▶ [Required action]:
With the images removed, transcribe the listing that follows exactly.

▶ [Recorded information]:
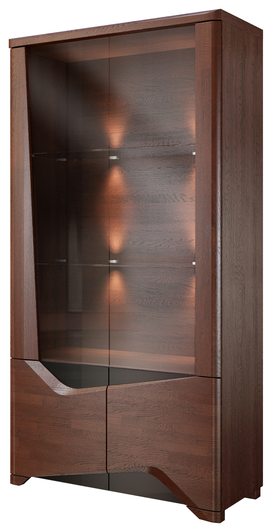 Dvojitá vitrína Rimini 2D2DS vás zaujme svým moderním a luxusním designem. Je vyrobena z masivního dubového dřeva, přírodní dubové dýhy a skla Antisol. Speciální technologie lakování a moření dodává nábytku přirozený vzhled dřeva a zdůrazňuje jeho strukturu lét. Jedinečným prvkem jsou dvířka s vyřezávanými a černě lakovanými detaily. Celý systém má jednoduchý dotykový systém otevírání - Push to open.
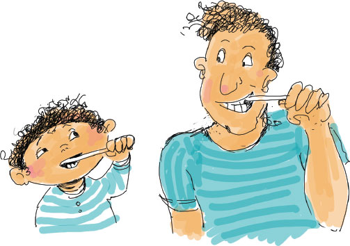 НО САМОЕ ГЛАВНОЕ – ЭТО ВАШ ЛИЧНЫЙ ПРИМЕР!Дети учатся, копируя поведение взрослых. Через год, когда ребенок сможет уверенно держать щетку, он захочет чистить зубы самостоятельно и сам вам будет напоминать о необходимости процедуры после завтрака и перед сном, потому что сформируется потребность. Эта процедура станет своеобразной точкой в утреннем и вечернем ритуале умывания.
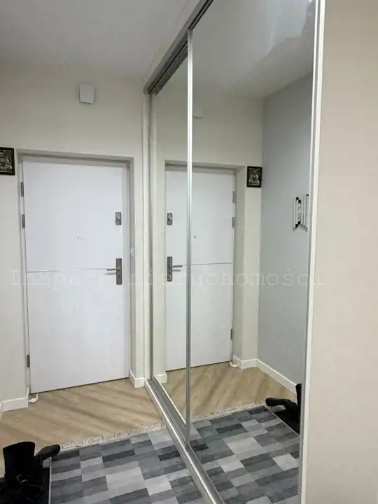 -Przedpokój: duża szafa w zabudowie z lustrem.

▶ [Your response]:
 Dvojitá vitrína Rimini 2D2DS vás zaujme svým moderním a luxusním designem. Je vyrobena z masivního dubového dřeva, přírodní dubové dýhy a skla Antisol. Speciální technologie lakování a moření dodává nábytku přirozený vzhled dřeva a zdůrazňuje jeho strukturu lét. Jedinečným prvkem jsou dvířka s vyřezávanými a černě lakovanými detaily. Celý systém má jednoduchý dotykový systém otevírání - Push to open.
 НО САМОЕ ГЛАВНОЕ – ЭТО ВАШ ЛИЧНЫЙ ПРИМЕР!Дети учатся, копируя поведение взрослых. Через год, когда ребенок сможет уверенно держать щетку, он захочет чистить зубы самостоятельно и сам вам будет напоминать о необходимости процедуры после завтрака и перед сном, потому что сформируется потребность. Эта процедура станет своеобразной точкой в утреннем и вечернем ритуале умывания.
 -Przedpokój: duża szafa w zabudowie z lustrem.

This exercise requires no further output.